Entry->Msg = "Some message";
dispatch(Entry);
}
void logAdditionalPoint(TelemetryInfo *Entry) {
// .... code here
}
private:
const std::string SessionId;
};
class MyDestination : public telemetry::Destination {
public:
Error receiveEntry(const TelemetryInfo *Entry) override {
if (Error Err = Serializer.init())
return Err;
Entry->serialize(Serializer);
if (Error Err = Serializer.finalize())
return Err;
json::Object Copied = *Serializer.getOutputObject();
// Send the `Copied` object to wherever.
return Error::success();
}
private:
JsonSerializer Serializer;
};
// This defines a custom TelemetryInfo that has an additional Msg field.
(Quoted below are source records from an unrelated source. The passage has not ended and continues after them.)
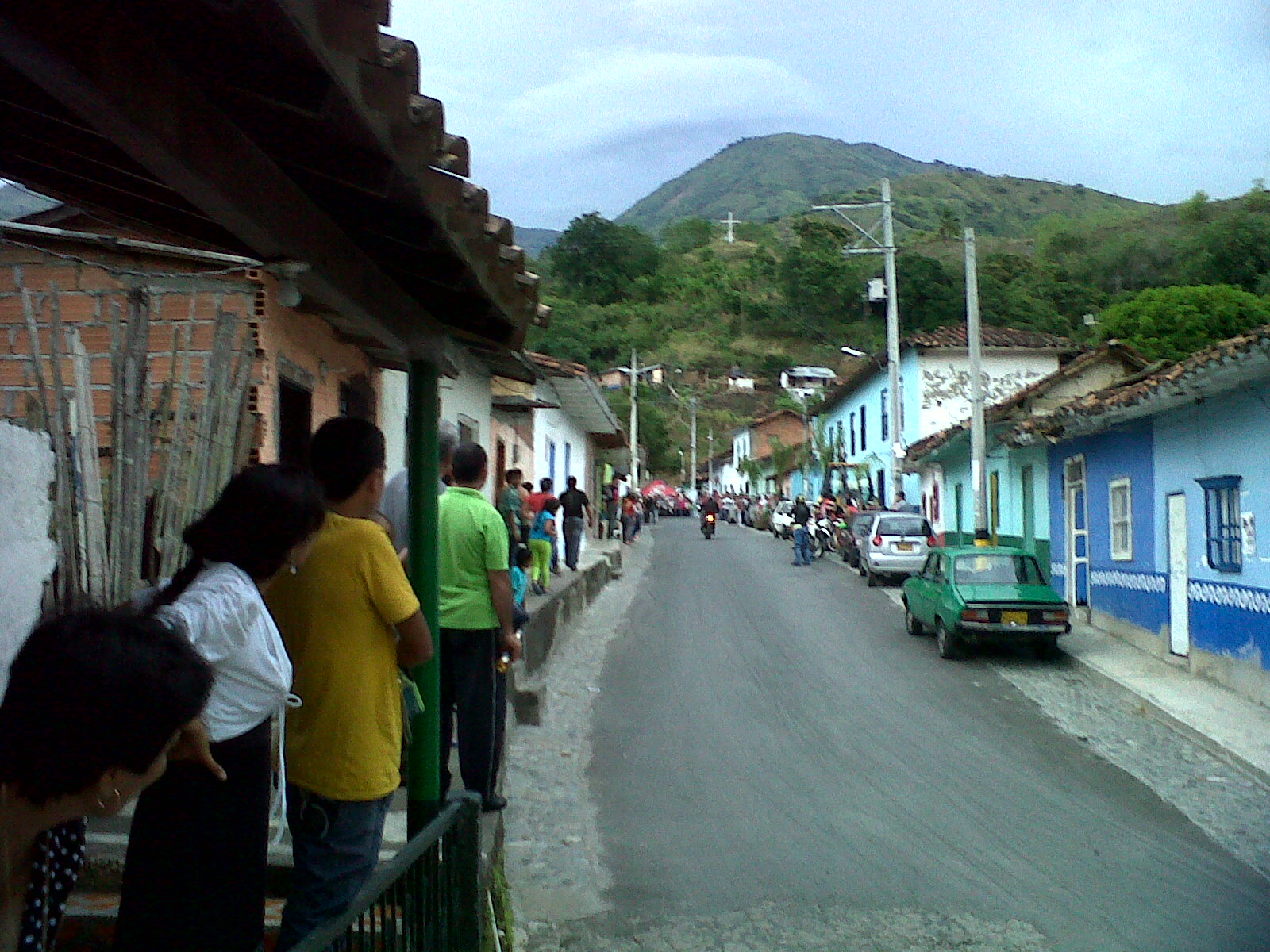 La idea de salir por Bolombolo fue para sacarle el cuerpo al tráfico de la vía normal a la pintada. La primera parada la realizamos en el alto de minitas, donde nos tomamos un jugo de naranja y repasamos de nuevo el checklist de manejo, esto viene al caso ya que cuando arrancamos ahí adelante, fue el primer susto, se le resbaló la llanta delantera en un arenero; después de eso llegamos sin problema a Bolombolo, donde tanquiamos (repostamos gasolina), y de ahí para La Pintada, donde llegamos a almorzar a eso de las 12:00. Salimos como a la 1:00 PM, para Supía donde volvimos a tanquear y nos fuimos por ahí ya que la carretera es más entretenida. Todo transcurrió tranquilamente, llegamos a la entrada para La Virginia a eso de las 4, tomamos algo y luego paramos de nuevo donde se une la carretera con la que va para Cartago, comimos piña y salimos para Santa Rosa, con tan mala suerte que por Pereira nos cogió un aguacero de padre y señor mío, paramos a escamparnos y llegamos a Santa Rosa a las 6:00 PM, guardamos la moto y a comer Chorizo Santarosano, y a descansar.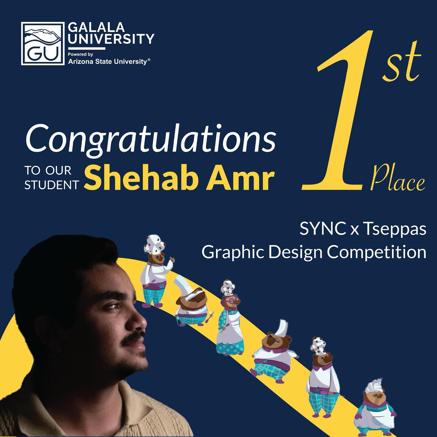 SYNC x Tseppas Graphic Design Competition – First Place Winner A vintage icon, reimagined for today. Galala University celebrates Shehab Amr—graduate of the Graphic Design Program—for taking First Place in the SYNC x Tseppas national competition. The brief was deceptively simple: evolve Tseppas’ beloved teddy into a modern bear family that feels fresh on packaging,...Read More
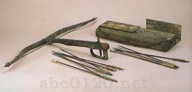 銅弩(いしゆみ)は弓と弩臂(矢をつがえる軸の部分)からできている。弩臂の先端部分にはくぼみがあり、そこに弓をはめこむ構造になっている。弓と弦の間には矢を射った後に弦の反動を軽減させるために縄が張られている。弩臂の末端には弓を飛ばす弩機が装着され、現在のボーガンのように射る。撃ち方は(図)の兵馬俑のようであり、(図)の画像石の遊牧民に見られる、騎馬上から射るものとは異なる。一号銅車馬で、弩は御者の前に、箙は足もとに大切に置かれていた。このほか盾も装備されており、馬を操作する一方で時には攻撃にも備えなければならなかった。出所:「世界四大文明・中国文明展」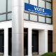A banner that says Vote (like your voting rights depend on it) with a blue background and the words in white.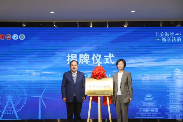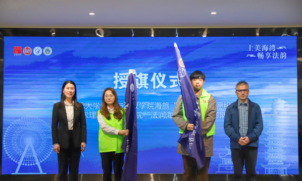奉贤区委政法委副书记、区禁毒办副主任陆冬杰与区信访办副主任宋春艳为学院海旅灋小宣志愿服务队授旗。海湾旅游区党工委副书记、管委会主任姚红与蒋传光院长共同为学院“七棵树灋灋驿站”揭牌。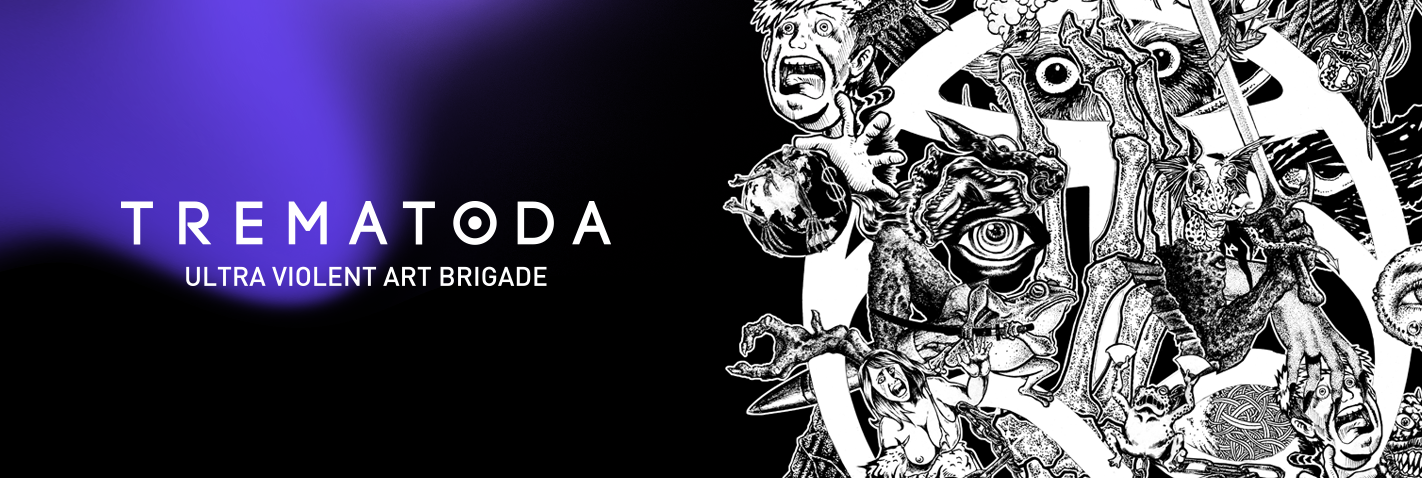 「吸虫」が血を吸うイメージより アート、ミュージックとあらゆる文化を吸収し、 我々なりに再構築し発信するものとする。 新たなるアーティストとの出会い、その細胞はさらに増殖する それがTREMATODA ULTRA VIOLENT ART BRIGADEである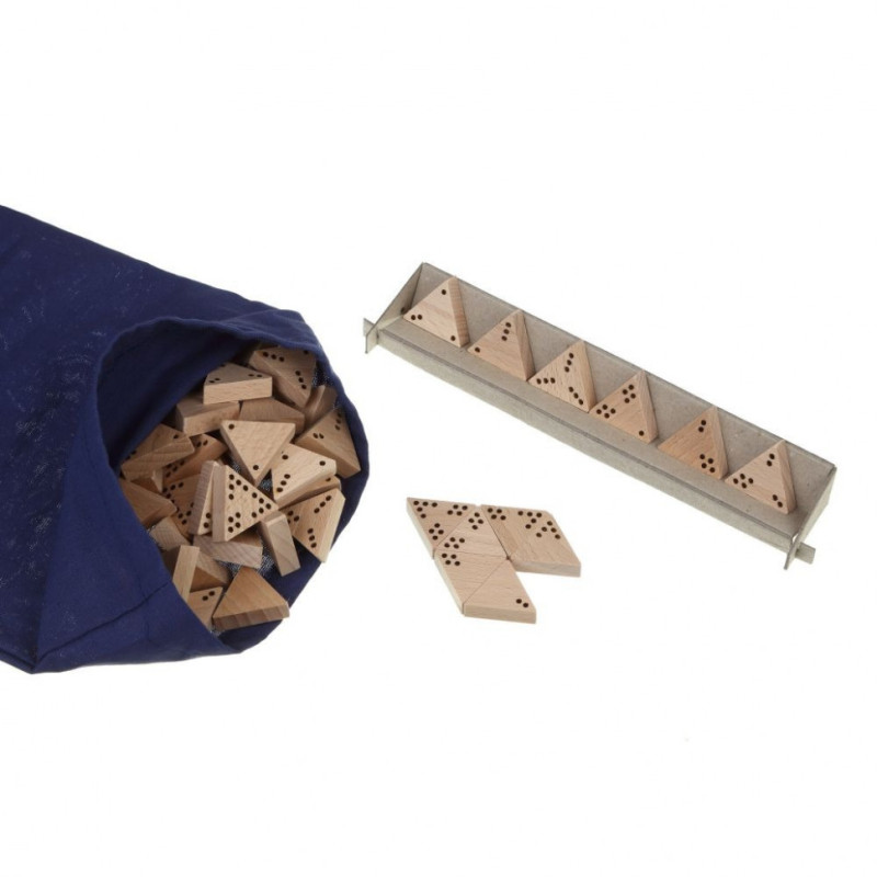 Триміно - це гра-головоломка, в яку можна зіграти, навіть вшістьох! Гра вимагає від вас розвиненого просторового мислення, логіки і швидкої реакції. У кожному кутку фішки розміщені очки в кількості від 0 до 5. Комбінації очок, зрозуміло, не повторюються. Гравці намагаються першими викласти на стіл усі свої фішки і, таким чином, завершити гру. Зробити це зовсім не просто, тому що кількість очок на фішках, які межують, має збігатися в обох кутах. У комплект гри входить 56 трикутних фішок виготовлених вручну з твердих порід дерева.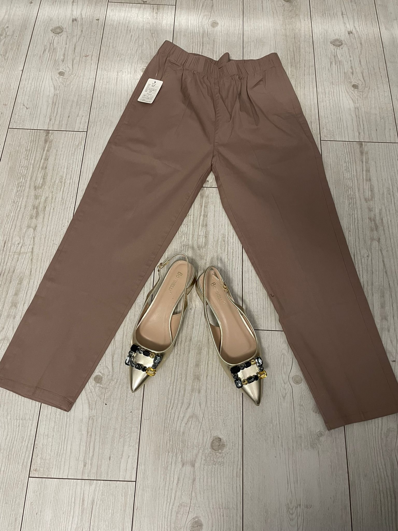 Pantalonii „Amber Luxe” sunt definiția eleganței discrete și a confortului absolut. Realizați dintr-un material plăcut la atingere, acești pantaloni au o croială fluidă și talie elastică, oferind libertate de mișcare și un fit impecabil. Nuanța de maro sofisticat este ideală atât pentru ținute casual, cât și pentru combinații elegante. Se asortează perfect cu pantofii aurii cu aplicații prețioase, creând un contrast rafinat și modern.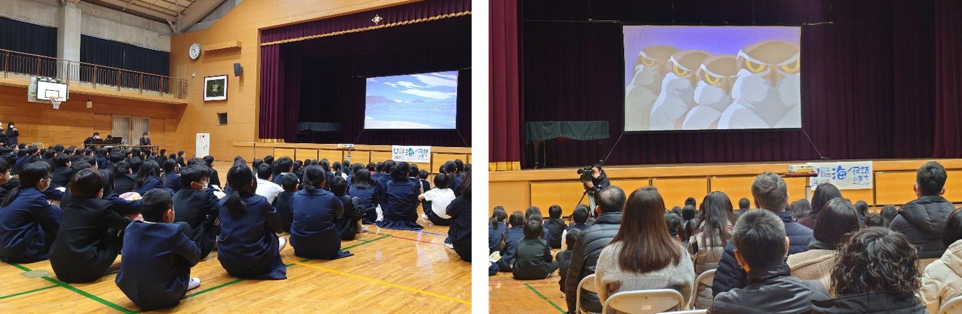 上映会にはさぬき市立津田小学校の全児童と保護者、あわせて約200名が参加しました。津田町の北山地区に伝わる民話で、参加者の認知度は低く、初めて民話の内容を知る子どもたちも多かったです。上映が始まると前方スクリーンで放映されるアニメーションを熱心に視聴、愛着のある津田の松原海岸の美しい風景や島々の画に釘付けになる子どもや保護者の皆さん。最後までしっかりと見入っていました。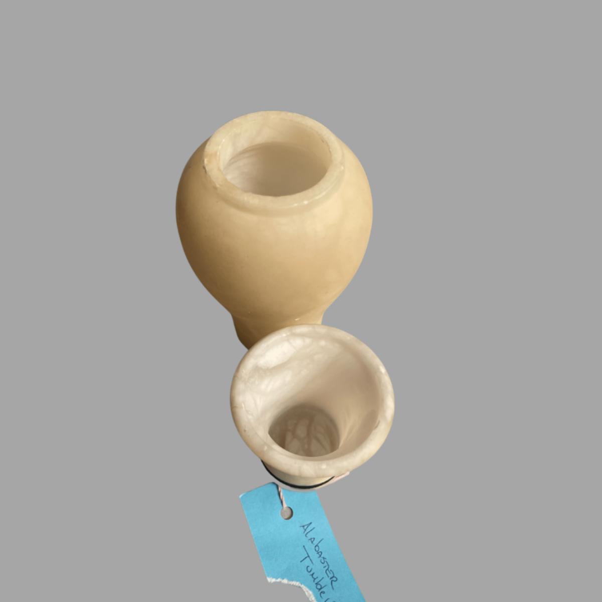 This is a beautiful set that the top converts to a cup for drinking. Measures 8"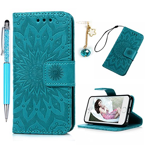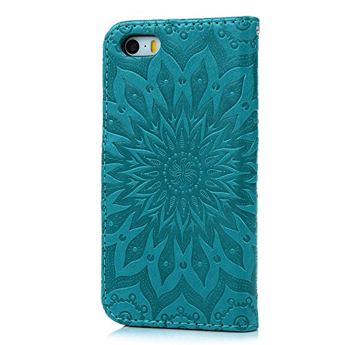 Cover iPhone SE, Cover iPhone 5 Pelle Stampata Folio Wallet Custodia - Morbido Case Libro Premium PU Leather Gel TPU Interno, Magnetico Flip Protettiva Portafoglio, ID Slot per Scheda, Chiusura Magnetica - girasole con Penna Capacitiva + Spina Della Polvere, Blu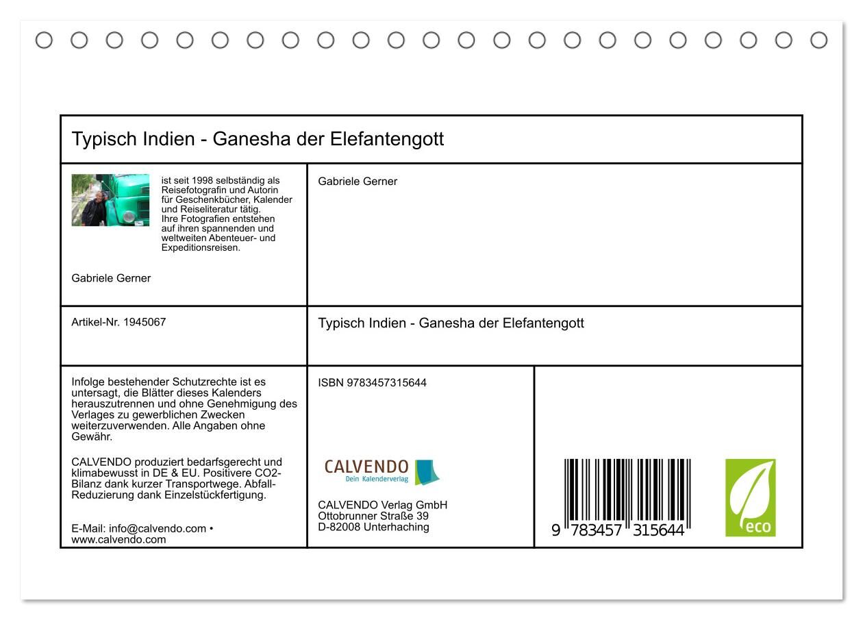 Typisch Indien - Ganesha der Elefantengott (Tischkalender 2026 DIN A5 quer), CALVENDO Monatskalender

struct MyTelemetryInfo : public telemetry::TelemetryInfo {
std::string Msg;
Error serialize(Serializer &Serializer) const override {
TelemetryInfo::serialize(serializer);
Serializer.writeString("MyMsg", Msg);
}
// Note: implement getKind() and classof() to support dyn_cast operations.
};
2) Use the library in your tool.
Logging the tool init-process:
.. code-block:: c++
// In tool's initialization code.
auto StartTime = std::chrono::time_point<std::chrono::steady_clock>::now();
telemetry::Config MyConfig = makeConfig(); // Build up the appropriate Config struct here.
auto Manager = MyManager::createInstance(&MyConfig);
// Any other tool's init code can go here.
// ...
// Finally, take a snapshot of the time now so we know how long it took the
// init process to finish.
auto EndTime = std::chrono::time_point<std::chrono::steady_clock>::now();
MyTelemetryInfo Entry;
Entry.Start = StartTime;
Entry.End = EndTime;
Manager->logStartup(&Entry);
Similar code can be used for logging the tool's exit.